Apply inverse Laplace transform given in equation (3) to equation (22). Therefore,

$\begin{array}{c}y\left(t\right)={\mathcal{L}}^{-1}\left[Y\left(s\right)\right]\\ ={\mathcal{L}}^{-1}\left[\frac{\left(\frac{1}{40}\right)}{s}+\frac{\left(\frac{1}{20}\right)}{s+2}+\frac{\left(-\frac{3}{104}\right)}{s+4}+\frac{\left(-\frac{3}{65}\right)\left(s+1\right)}{{\left(s+1\right)}^2+2^2}+\frac{\left(-\frac{2}{65}\right)2}{{\left(s+1\right)}^2+2^2}\right]\\ =\left\{\begin{array}{l}{\mathcal{L}}^{-1}\left[\frac{\left(\frac{1}{40}\right)}{s}\right]+{\mathcal{L}}^{-1}\left[\frac{\left(\frac{1}{20}\right)}{s+2}\right]+{\mathcal{L}}^{-1}\left[\frac{\left(-\frac{3}{104}\right)}{s+4}\right]+{\mathcal{L}}^{-1}\left[\frac{\left(-\frac{3}{65}\right)\left(s+1\right)}{{\left(s+1\right)}^2+2^2}\right]\\ +{\mathcal{L}}^{-1}\left[\frac{\left(-\frac{2}{65}\right)2}{{\left(s+1\right)}^2+2^2}\right]\end{array}\right\}\end{array}$

$y\left(t\right)=\left\{\begin{array}{l}\frac{1}{40}{\mathcal{L}}^{-1}\left[\frac{1}{s}\right]+\frac{1}{20}{\mathcal{L}}^{-1}\left[\frac{1}{s+2}\right]-\frac{3}{104}{\mathcal{L}}^{-1}\left[\frac{1}{s+4}\right]-\frac{3}{65}{\mathcal{L}}^{-1}\left[\frac{\left(s+1\right)}{{\left(s+1\right)}^2+2^2}\right]\\ -\frac{2}{65}{\mathcal{L}}^{-1}\left[\frac{2}{{\left(s+1\right)}^2+2^2}\right]\end{array}\right\}$ (23)
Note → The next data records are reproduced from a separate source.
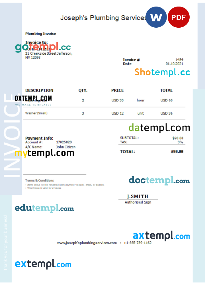 sample USA Joseph’s Plumbing Services invoice template in Word and PDF format, fully editable download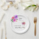 Personalise this Petals and Prosecco Bridal Shower paper plate, designed to add a touch of elegance and charm to your special celebration. These plates feature an arrangement of watercolor pink, lilac, and peach peonies with greenery, their delicate petals beautifully capturing the essence of springtime romance. This charming bright floral design also features sparkling pink prosecco in elegant champagne flutes, perfectly symbolising the joy and festivities of the occasion. The crisp white background enhances this plate's elegant and chic look. A perfect addition to your bridal shower party or picnic, combining sophistication with convenience.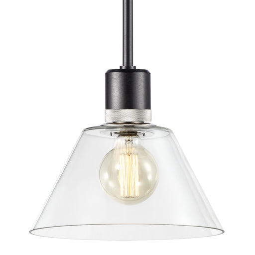 12" High End Clear Glass Cone Shade Pendant Light in Our Luxurious Polished Nickel Finish with Detailed Satin Brushed Black Diamond Knurled Metal B...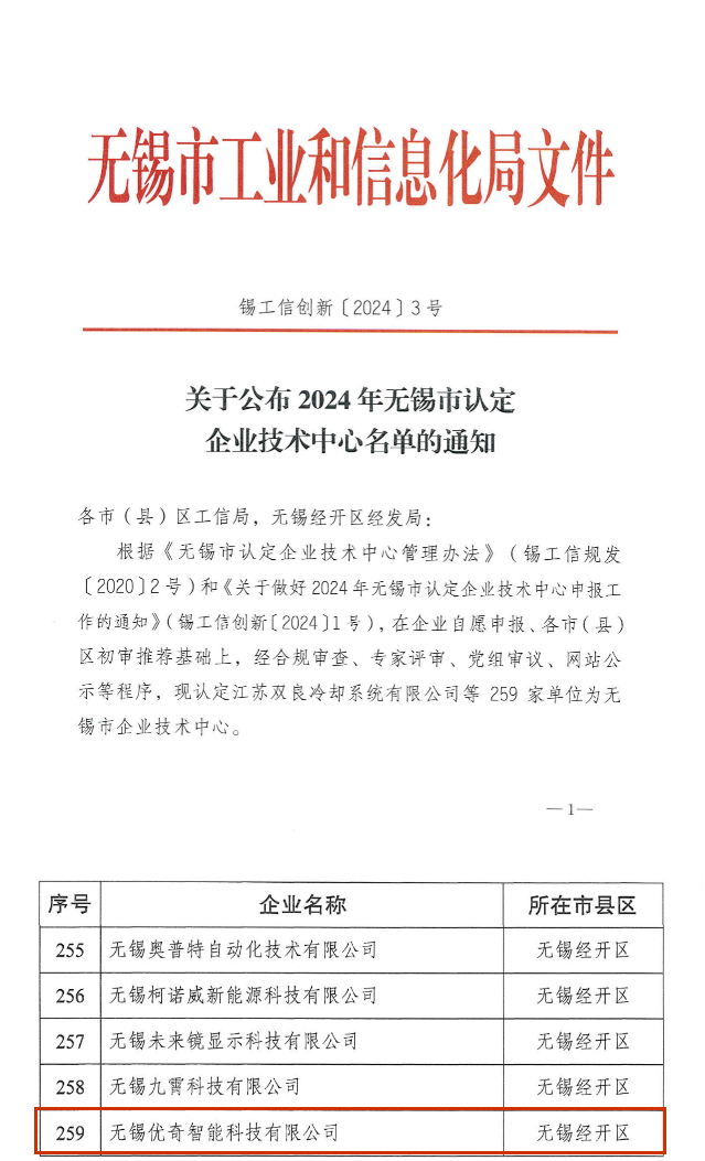 近日,UQI优奇成功获批由市工信局和市科技局分别评定的无锡市企业技术中心和无锡市智能搬运机器人工程技术研究中心。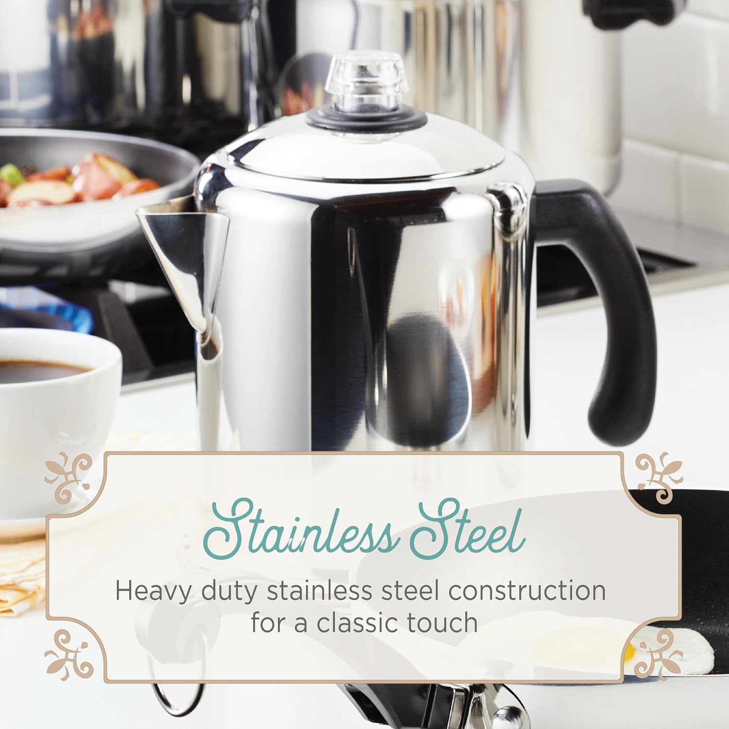 - CLASSIC COFFEE MAKER: Make delicious coffee morning or evening with The Original 12-Cup Farberware Stovetop Percolator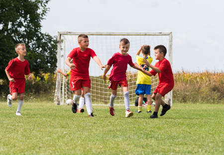 Kids Running in a Sports Team. Happy Football Team on Practice Unit. Football Sports Summer Camp for School Kids. Boys in Soccer Cleats and Jerseys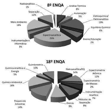Do 1º ao 18º ENQA, o número de trabalhos apresentados foi quase sempre crescente, passando de 136 para 1011, respectivamente. Hoje, o ENQA é considerado o evento de Química Analítica mais importante da América Latina. As três últimas ediçoes contaram com mais de 1000 participantes do Brasil e também de outros países. Um panorama geral da Química Analítica brasileira pode ser obtido observando-se a distribuiçao de trabalhos apresentados no ENQA, uma vez que é possível avaliar as subáreas que mais se destacam no cenário nacional e também linhas de pesquisa em ascensao. A Química Analítica está em constante transformaçao em funçao de novas demandas e dos desenvolvimentos tecnológicos que abrem novas possibilidades de pesquisa. Para avaliar essa evoluçao, é comparada a distribuiçao de trabalhos por temas no 8º ENQA (1995) e no 18º ENQA (2016) (Figura 3). Em 1995, 75% dos trabalhos apresentados no 8º ENQA eram das subáreas de espectroanalítica, eletroanalítica, química ambiental e técnicas de separaçao. O número de trabalhos envolvendo automaçao, instrumentaçao e informática era pequeno (8%). O restante dos trabalhos se dividia nas áreas de análise térmica, equilíbrio químico, educaçao em química e radioanalítica.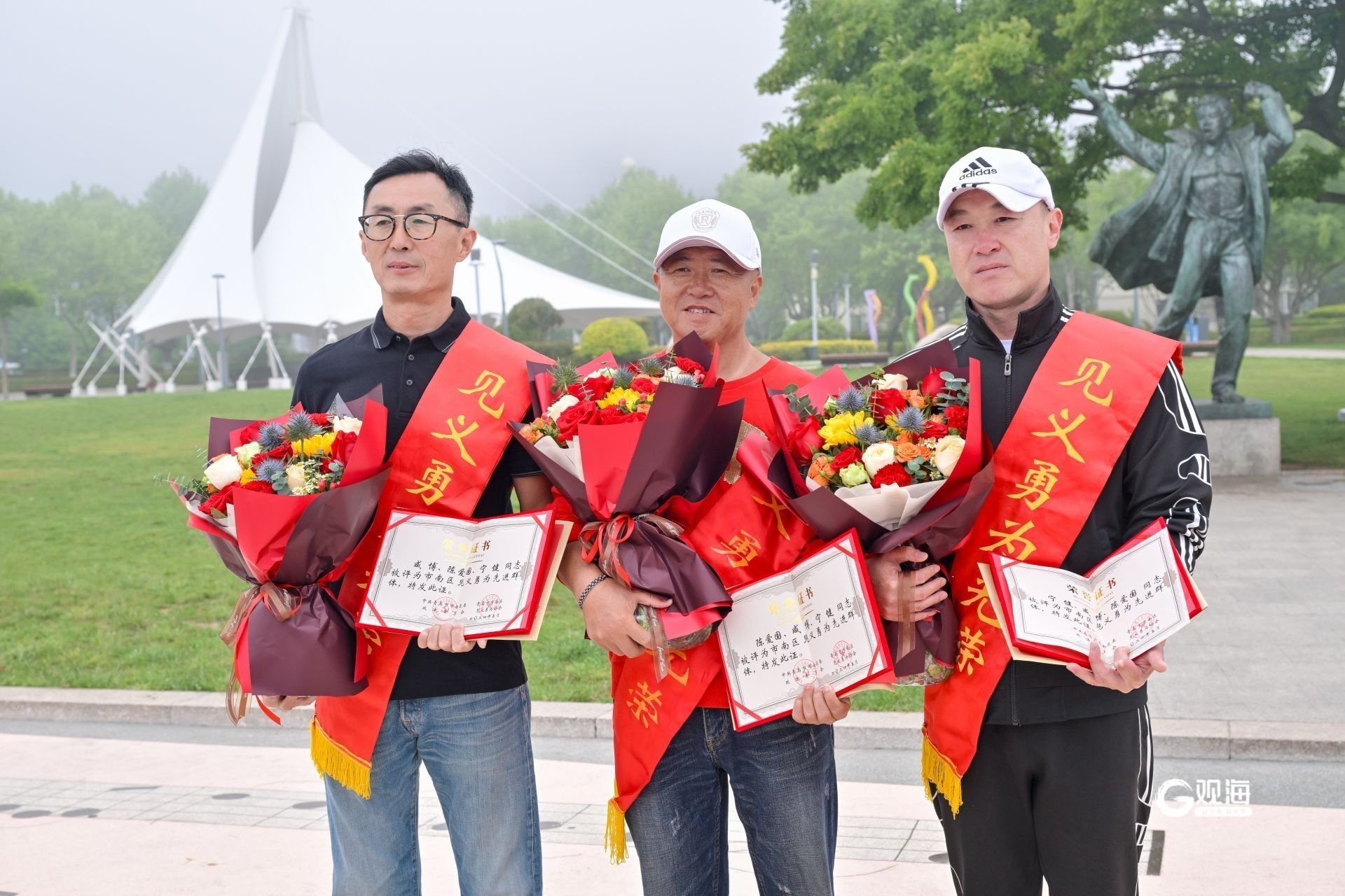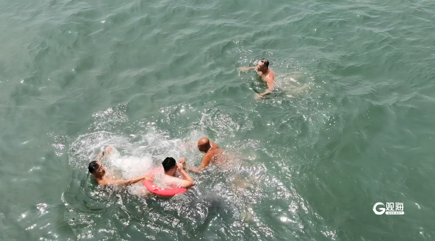 5月18日,咸博、宁健、陈爱国在海中救援落水男子。视频截图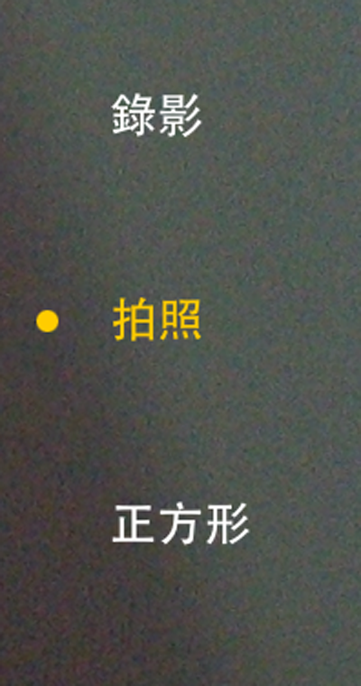 在這個實驗中,我們使用iPAD,並要求使用者要用相機程式中的錄影功能。如同大家在上圖所看到的,相機程式中,有三個選項:錄影、拍照、正方形,其中拍照功能是放在中央的選項(紅色框框所標記的區域)。為了讓大家看清楚,特別把這個區域放大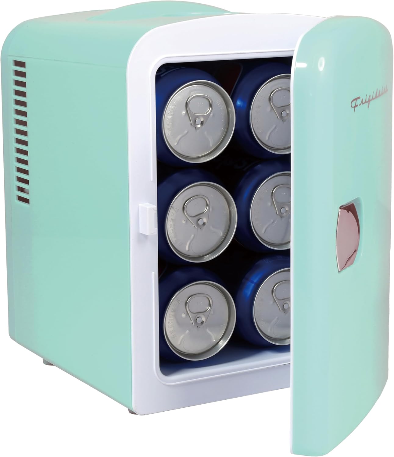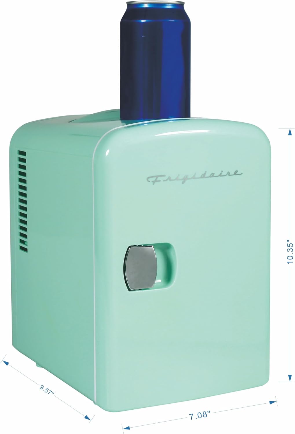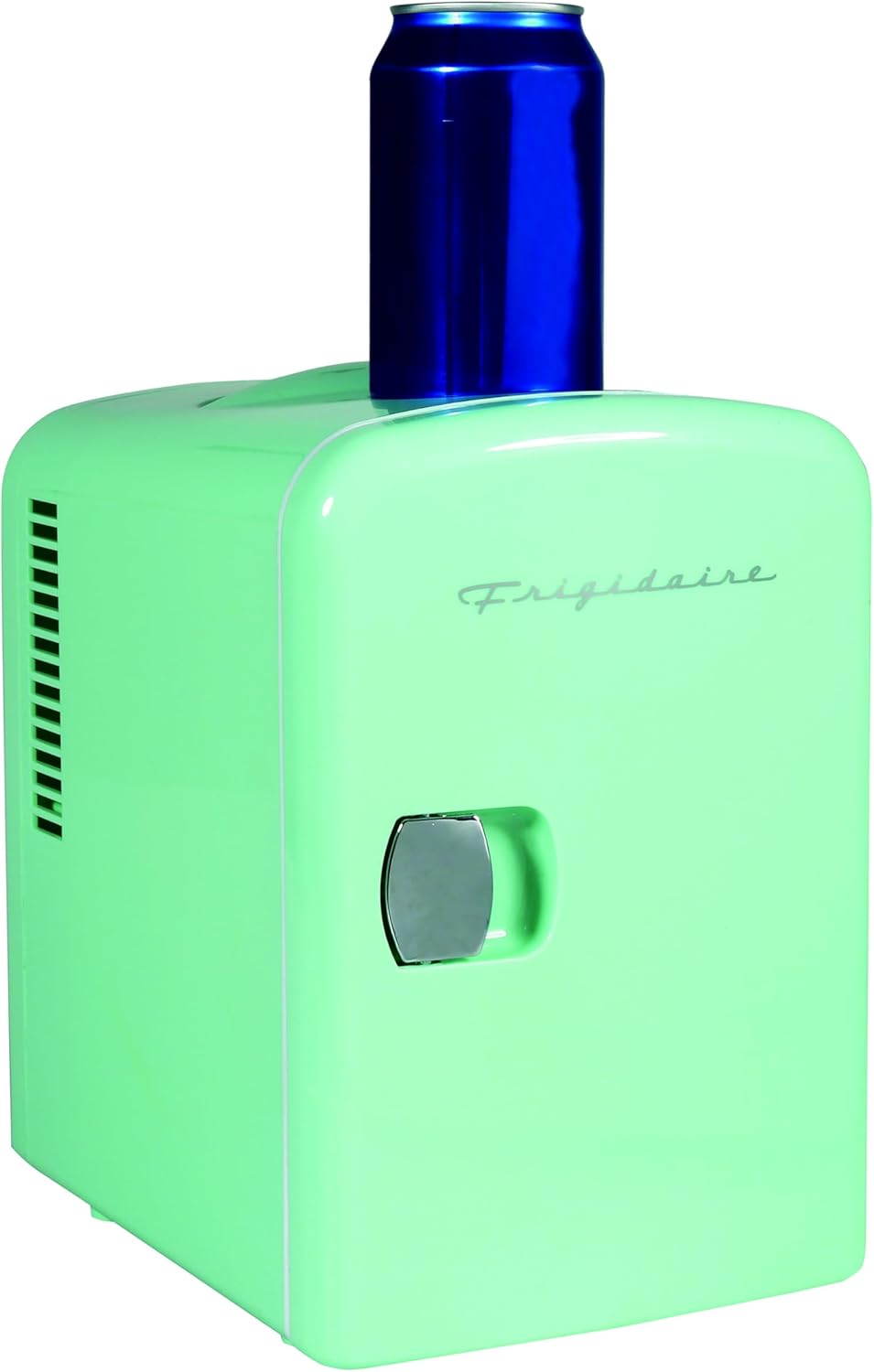 MINI FRIDGE, MAXIMUM CHILL. The Frigidaire Portable Personal Fridge keeps your food and drinks the perfect temperature while at home and on the go. The ultimate versatile cooler, this mini fridge goes on with just the flip of a switch. Cools up to 32°F below ambient temperature, and warms up to 140°F at an ambient temperature of 75°F. Compact space saving design and lightweight features make it easy to take with you anywhere, yet can still fit your needs; 4 Liter capacity chills six 12 oz. cans, while a removable shelf makes it easy to store milk, juice, yogurt, bottles, smoothies, cheese, fruit, coffee, soup, and many more home cooked meals or beverages. Perfect for personal spaces, bedrooms, offices, hotels, boats, carpools, soccer games, sporting events, backyard BBQ, pool parties and more! Conveniently plugs into standard home outlets and 12V car chargers so you can take with you anywhere you go. 100% Freon-Free and and cETL approved with advanced safety technology for long-lasting durability.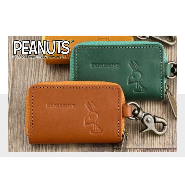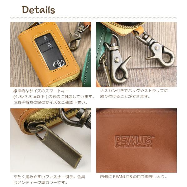 スヌーピー スマートキーケース 本革 窓付き 革 ラウンドファスナー snoopy スヌーピーグッズ シチヘンゲ SHICHIHENGE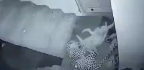 花豹深夜闖入單元樓,悄無聲息靠近看門狗,狗子睡夢中就被叼走!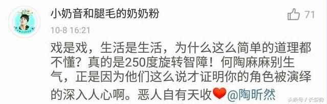 陶昕然不就演了个反角色,人家演戏演的很好,却遭到一些傻B脑残网友的诅咒谩骂!拜托戏里戏外你自己分不清就不要像疯狗一样乱开口咬人!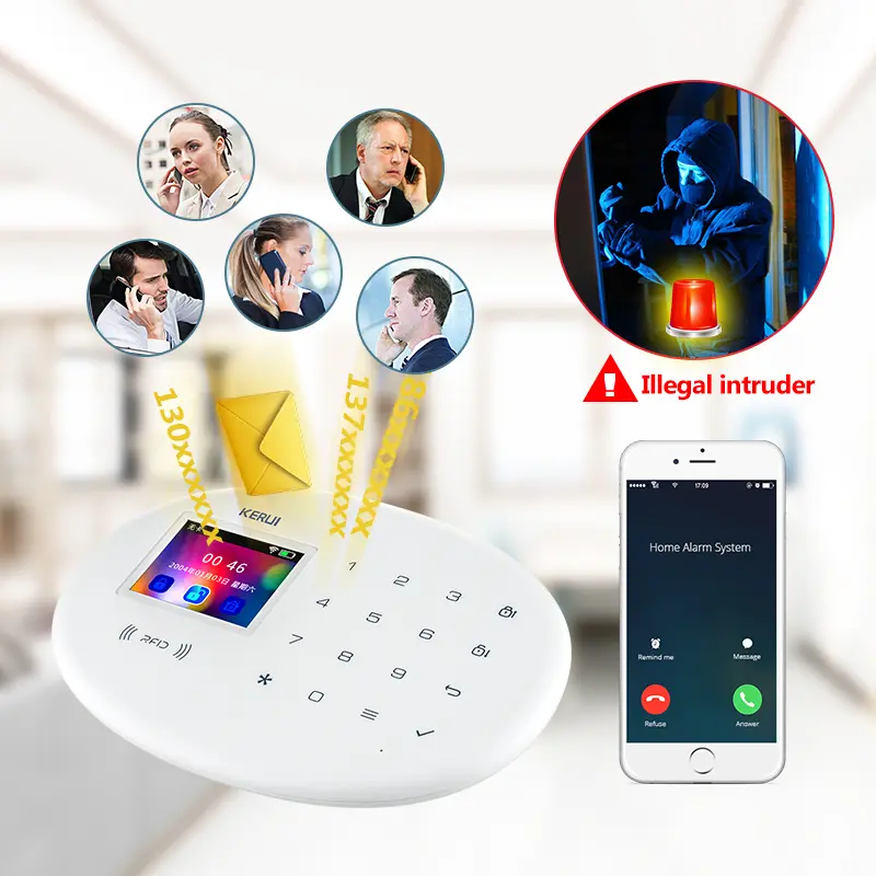 Compatible with wireless PIR sensor, door sensor, smoke detector, gas detector, panic button etc. It has been widely used in home, factory, school, shop, villa and residential area to provide protection for valuable assets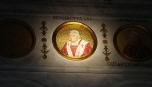 Il est représenté sur le portail en bronze de l'église paroissiale de Castelgandolfo(28/11/2014)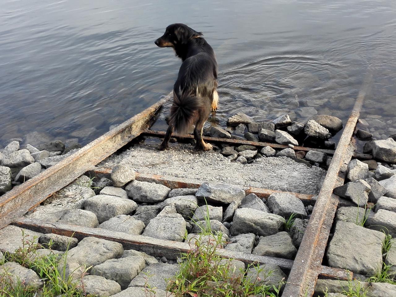 Doxi prüft erst Mal die Wasserqualität der Elbe.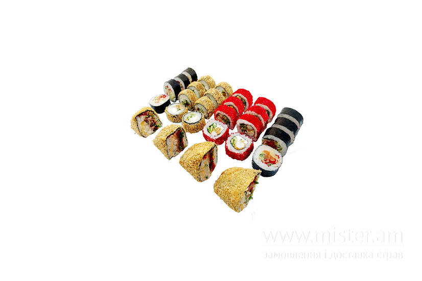 Каліфорнія в ікрі креветка темпура, міні бургер тунець, хот рол курка дор блю, футо макі лосось тобіка. 32 шт.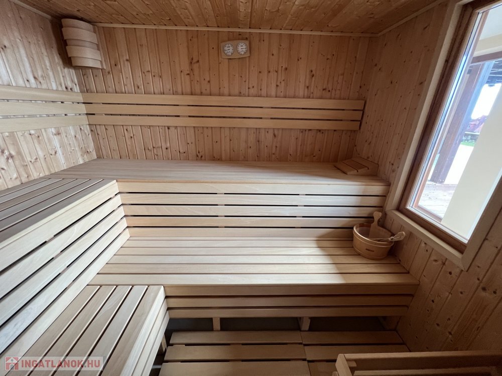 A ház egyik ékessége a wellness részleg, beltéri masszás medence, szauna, gőzkabin, öltözővel és zuhanyzóval.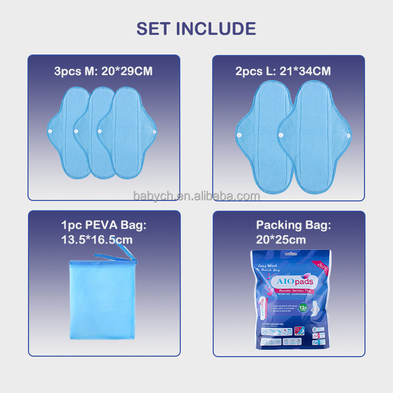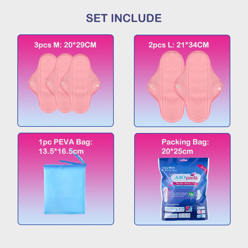 AIO ชุดแผ่นอนามัย6ชิ้นแบบนำกลับมาใช้ใหม่ได้แผ่นอนามัยแบบซับน้ำแผ่นอนามัยสำหรับผู้หญิงผ้าอนามัยแบบซับน้ำแผ่นซับประจำเดือน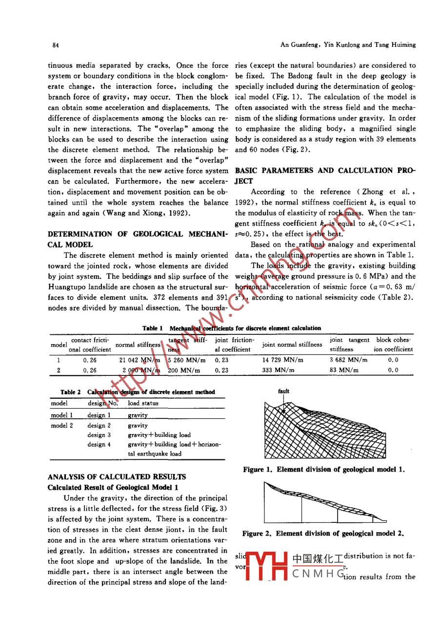 Journal of Chima University of Geosciences, Vol. 13,No. 1, p. 83 - 85, March 2002ISSN 1002 - 0705Printed in ChinaDiscrete Element Analysis of Huangtupo Landslide *An Guanfeng Yin Kunlong Tang Huimingp5AEngineering Faculty , China University of Geosciences , Wuhan 430074ABSTRACT: On the basis of the deep geology and the geological structure of Huangtupo landslide, anancient landslide ia the reservoir of the Three Gorges, the geo-environmental model of the landslide is es-tablished to analyze quntitatively the slidig mechanism by using the discrete element method. It is con-cluded that interbedding structure of soft and hard formation consists of the main geological background,which induced the arching of the formation under gravity. Stability anlysis of different loadings showsthat the ground building weight on the middle slope may restrain the extension of shear sliding zone be-low. but may activate the foot area which will reduce the safety factor of the front.KEY WORDS: Huangtupo landslide, geological model, discrete element method, landslide mechanism,LANDSLIDE INTRODUCTIONThe exposed rock at the head of HuangtupoHuangtupo landslide, located on the southern landslide is Lower Triassic limestone seriesbank of the Yangtz River about 1 km upstream to the Jialingjiang Formation whose dip angle is steep. TheBadong County in Hubei Province, is an ancient field geological investigation and the deep geophysicallarge-scale landslide with an area of 1.38 km2, an av- exploration have proved that a fault lies betweenerage thickness of 30 m, and a volume of 4X 10' m'. Jialingjiang Formation limestone and Badong Forma-Since 1982, large-scale civil engineering construction tion mudstone.has been conducted on the landslide, due to improperThe stratum envolved in the Huangtupo land-geological conclusion. Up to now, the town has come slide are limited to the superlicial layer of the syn-into being. After 1992, new engineering geological cline, which belongs to the ancient landslide bodyinvestigation prompts new town to be shifted to the formed during the downcutting of the Yanglze River.Xirangpo 5 km upstream from the landslide ( Wu,According to the deep geology and the geological1999 ; Zhonget al,,1992).structure of the superficial ancient landslide body,The foot elevation of Huangtupo landslide is 80 the geo environmental model of the Huanglupo land-ma. s. 1. on the river, while the head elevation is slide is established. Discrete element numerical simu-640 ma. s. 1.. The slope varies from 30° to 40° un-lation method is used to study the relationship beder the elevation of 225 m, and the middle section of tween the Huangtupo landslide and its deep geolog-the slope is about 20°. The landslide consists of Mid- ical stratum, and to predict and evaluate the stabilitydle Triassic series Badong Formation, amaranth mud- of the landslide in difeent loeds.stone including siltstone, marlite and a broken blockstructure. The landslide area is located on the south-PRINCIPLE OF DISCRETE ELEMENT METHODern part of Guandu syncline whose axis extends alongThe discrete element method can be used to solvethe river bed. The sedimentary bedding dips towards efietively the interaction among the blocks andthe river, and the bedding is wave shaped, belonging movement procedure under the block conglomeratet0 the prone sliding geological structure.via gravity. From this assumption, we can concludethat the block is nearly rigid, and the theory of New-This peper is supported by the National Natural Science Foundetionton's second law is adopted to conduct the research in-of China (No. 40072084).to the block conglomerate movement and to simulateManuseript recived December 2], 2001.thep1l mass through theManuscript acepted January 25, 2002.micr中國煤化工is taken as discon-TYHCNMHG34An Guanfeng, Yin Kunlong and Tang Huimingtinuous media separated by cracks. Once the force ries (except the natural boundaries) are considered tosystem or boundary conditions in the block conglom- be fixed. The Bedong fault in the deep geology iserate change, the interaction force, including the specially included during the determination of geolog-branch force of gravity, may occur. Then the block ical model (Fig. 1). The calculation of the model iscan obtain some acceleration and displacements. The often associated with the stress field and the mecha-difference of displacements among the blocks can re- nism of the sliding formations under gravity. In ordersult in new interactions. The “overlap”among the to emphasize the sliding body, a magnified singleblocks can be used to describe the interaction using body is considered as a study region with 39 elementsthe discrete element method. The relationship be- and 60 nodes (Fig. 2).tween the force and displacement and the“overlap"displacement reveals that the new active force system BASIC PARAMETERS AND CALCULATION PRO-can be calculated. Furthermore, the new accelera- JECTtion, displacement and movement position can be ob-According to the reference ( Zhong et al. ,tained until the whole system reaches the balance 1992), the normal stiffness coefficient kn is equal toagain and again (Wang and Xiong, 1992).the modulus of elasticity of rock mass. When the tan-gent stiffness coefficient k, is equal to sk.(0

Apply inverse Laplace transform function given in equation (8), (9), (10) and (11) to equation (23).

$\begin{array}{c}y\left(t\right)=\frac{1}{40}u\left(t\right)+\frac{1}{20}{e}^{-2t}u\left(t\right)-\frac{3}{104}{e}^{-4t}u\left(t\right)-\frac{3}{65}{e}^{-t}\cos \left(2t\right)u\left(t\right)-\frac{2}{65}{e}^{-t}\sin \left(2t\right)u\left(t\right)\\ =\left(\frac{1}{40}+\frac{1}{20}{e}^{-2t}-\frac{3}{104}{e}^{-4t}-\frac{3}{65}{e}^{-t}\cos \left(2t\right)-\frac{2}{65}{e}^{-t}\sin \left(2t\right)\right)u\left(t\right)\end{array}$

Conclusion:

Thus, the time-varying function $y\left(t\right)$ for the given differential equation is $\left(\frac{1}{40}+\frac{1}{20}{e}^{-2t}-\frac{3}{104}{e}^{-4t}-\frac{3}{65}{e}^{-t}\cos \left(2t\right)-\frac{2}{65}{e}^{-t}\sin \left(2t\right)\right)u\left(t\right)$.